Émil Torres explores the relationship between long-termism/effective altruism and scientific racism.
longtermism, which emerged out of the effective altruism (EA) movement over the past few years, is eugenics on steroids. On the one hand, many of the same racist, xenophobic, classist and ableist attitudes that animated 20th-century eugenics are found all over the longtermist literature and community. On the other hand, there’s good reason to believe that if the longtermist program were actually implemented by powerful actors in high-income countries, the result would be more or less indistinguishable from what the eugenicists of old hoped to bring about. Societies would homogenize, liberty would be seriously undermined, global inequality would worsen and white supremacy — famously described by Charles Mills as the “unnamed political system that has made the modern world what it is today” — would become even more entrenched than it currently is.

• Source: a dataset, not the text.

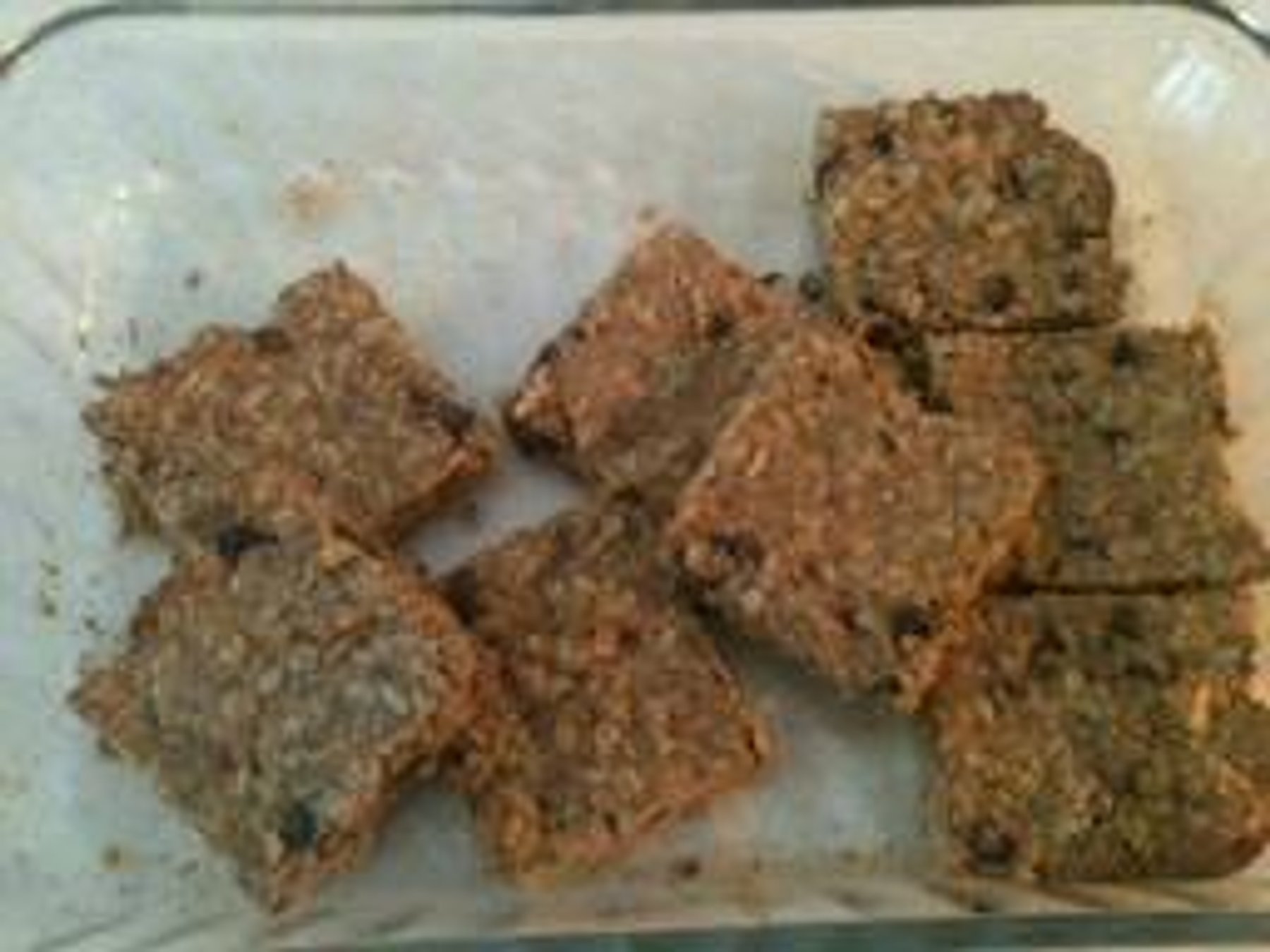 Combine nut butter and honey, mix well. Add one ingredient at a time, mixing well after each. Bake at 350 in a 13 x 9 greased pan for 15-20 minutes or until golden brown. Let cool completely before trying to cut. You can try different ingredients for everything below the nut butter. Just don't exceed a total of 2 cups. Other variations: wheat germ, protein powder, flax meal, raisins, or dried chopped apricots, pumpkin seeds, etc.

I would have predicted the connection long ago. EA trips a whole bunch of red flags in my head.
- The incessant chatter about IQ. We don’t know what IQ is, other than a number generated by an IQ test, so making the concept central to your philosophy is a bit like building your reason for living on phrenology. Sure, you can actually measure the bumps on your skull and use scientific-looking tools like calipers and quantitatively calculate their dimensions, but does it mean anything about how your brain works? No, it does not. At the first mention of IQ, run away.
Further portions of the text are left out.